A judo or jujitsu match would be real short if those systems neglected to train a counter to a technique.  What do hubud or chisao drills train? Counter for counter for counter.....  

As a kenpoist much of our system is a counter to grab techniques, and somewhere in our SD techniques are points where they too can be countered.  To not show the student these points, and what they can do about them is a disservice to the student.

Lamont


----------



## Drifter (Apr 3, 2005)

I've been messing around with reverse motion in Kenpo techniques, trying to find counters to different techniques (incredibly hard, going through each tech. in rewind 
	

	
	
		
		

		
			





). I know Zach Whitson (sp?) has some tapes out now on Kenpo Counterpoint, which addresses counters to Kenpo techniques. 

 I still believe the best counter to a martial artist is to preemptively counter by staying out of the conflict. Hopefully, most martial artists will continue to have high moral standards, so there won't be many MA vs.
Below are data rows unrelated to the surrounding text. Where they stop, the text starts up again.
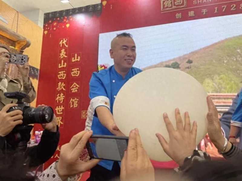 只见表演师傅王张龙脚蹬独轮车,头顶大面团,双手同时开弓削着面。短短一分钟内,削出了228刀面片,惹得观众一片喝彩。紧接着是关公扯面表演,王张龙手指舞动,上下翻飞,扯出的面条又宽又薄,还有韧劲。“早就听说山西不仅面食好,面食表演也很绝,真是百闻不如一见,太精彩了!”山东游客张琪挤在人群中观看着面食表演,非常兴奋。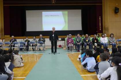 次に、「おはよう隊」を代表して、老人会・PTAの方よりあいさつがありました。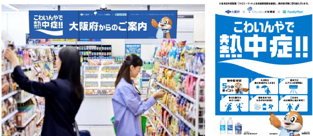 大阪府内には小売チェーンとして最多の1300店以上の店舗があり、そのうち約400店のファミリーマート店内に設置されたデジタルサイネージにおいて、動画と音声で熱中症対策のポイントを啓発していく。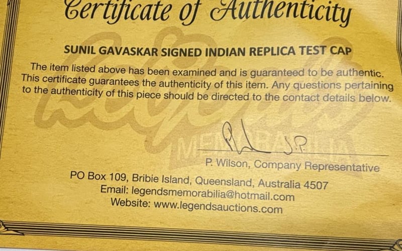Sunil Gavaskar Personally Signed Replica Indian Cricket Cap. The Item Is Accompanied By A Certificate Of Authenticity.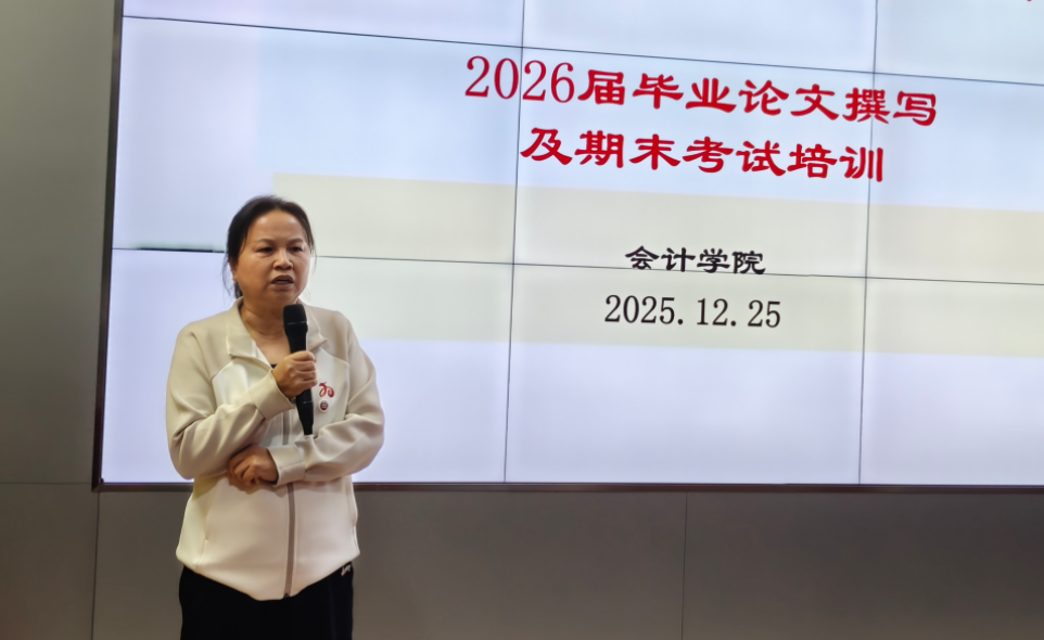 培训会上,主管教学副院长杨旻教授围绕毕业论文撰写核心要求,结合会计学科专业特点,从三个方面展开系统性、针对性讲解,逻辑清晰、重点突出。第一,全面介绍2026届本科毕业论文基本情况,杨院长介绍了本届毕业生数量及指导老师安排情况、论文工作时间节点及进度安排,强调要严格把控从选题、开题到论文撰写的全流程,确保工作高校推进、规范落地。第二,精准反馈开题报告审核发现问题,针对前期开题报告申报审核过程中发现的共性问题,如序号、参考文献等格式不规范、文献综述研究内容偏离论文主题、指导教师评语相似等,她直指问题核心,并提出具体整改建议。第三,细致讲解论文撰写应注意的问题,从标题拟定的精准性、摘要撰写的概括性、关键词选取的专业性,到正文逻辑的连贯性、图表呈现的规范性、参考文献引用的标准性,逐一梳理关键要点,着重强调学术写作规范与查重要求,针对AI技术应用趋势,指导老师做好AI辅助写作的引导与把关,提醒学生合理运用AI工具、杜绝直接照搬,坚守学术诚信底线,严格控制AI重复率。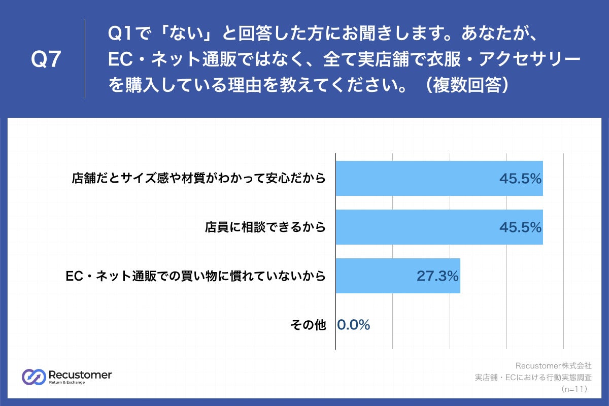 ECでアパレルを購入したことのない消費者は、どういった要素があればECで購入するのかを調査するため、Q1で「ない」と回答した方に、「Q7.あなたが、EC・ネット通販ではなく、全て実店舗で衣服・アクセサリーを購入している理由を教えてください。(複数回答)」(n=11)と質問したところ、「店舗だとサイズ感や材質がわかって安心だから」が45.5%、「店員に相談できるから」が45.5%、「EC・ネット通販での買い物に慣れていないから」が27.3%という回答となりました。
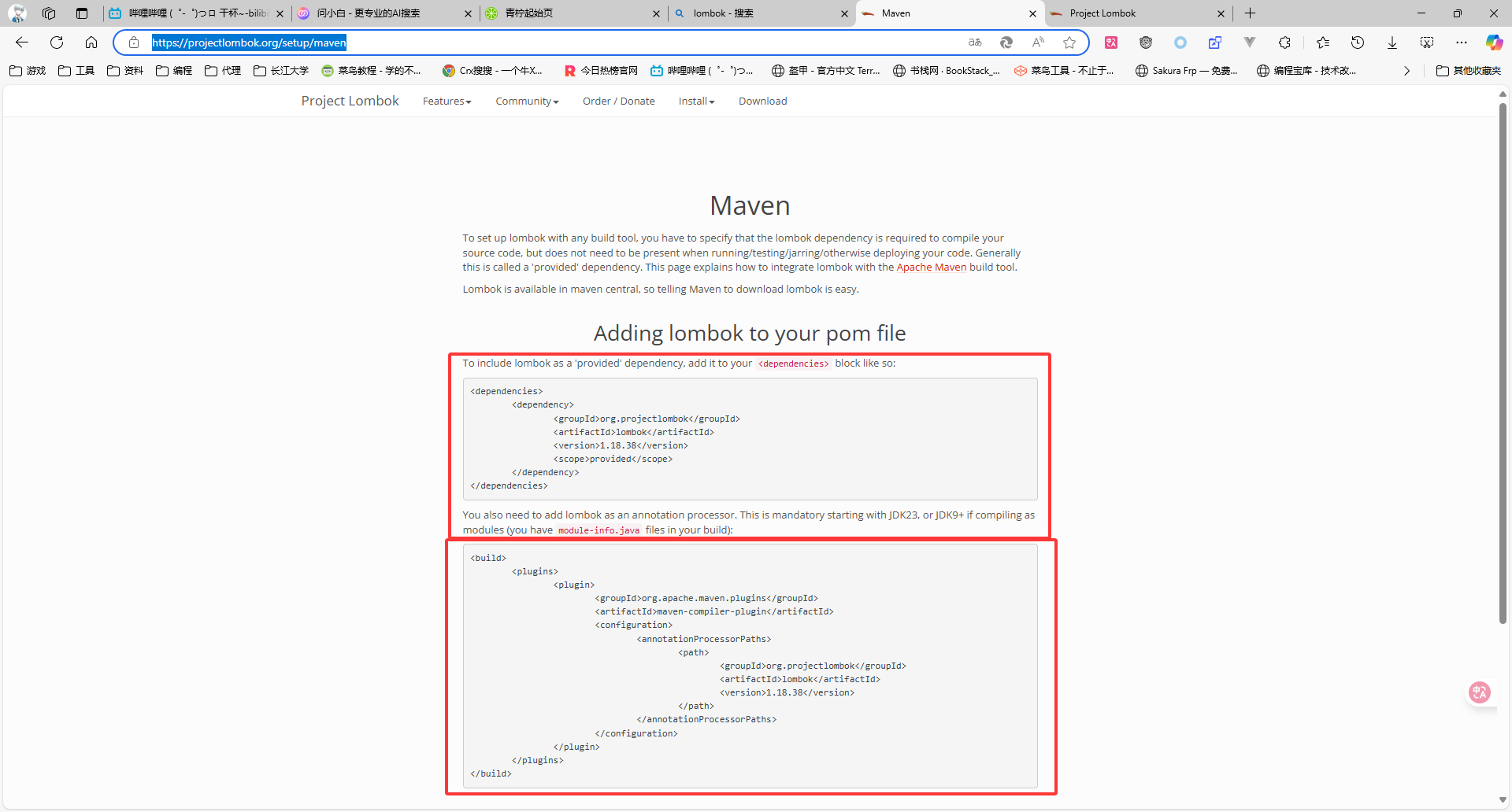 到此我们需要安装Lombok依赖,用于减少样板代码,提高开发效率。 在此我推荐去相关依赖的官网,找到最新版本的依赖导入方式,否则会出现各种奇奇怪怪的报错。 Lombok官网Maven依赖导入:

MA fights in the future.


----------



## KenpoTex (Apr 4, 2005)

Like Lamont said, every technique is a counter against something.  In the Kenpo style I study (and I'm sure it's this way in others) we have the techniques grouped into 7 categories of attack: 1)Grabs 2)Pushes 3)Punches 4)Kicks 5)Hugs/holds/takedowns 6)Locks & Chokes and 7)Weapons.  However, the idea (at least in my mind) is not to counter but to preempt.  If I have to counter that means that either my awareness wasn't working and I have to react to a threat, or that I wasn't using my head and finding another way to get out of a situation.  If I know an attack is imminent I'm not going to wait for the other guy(s) to do something that I'm going to have to counter, in effect playing "catch up."  I'm going to go after them first and let them worry about countering and defending.


----------



## MJS (Apr 4, 2005)

Most of the time when you see counters, they are either designed to happen just prior or during the actual tech. that is being done.  Usually it seems like its never ending, as there is a counter to that counter.  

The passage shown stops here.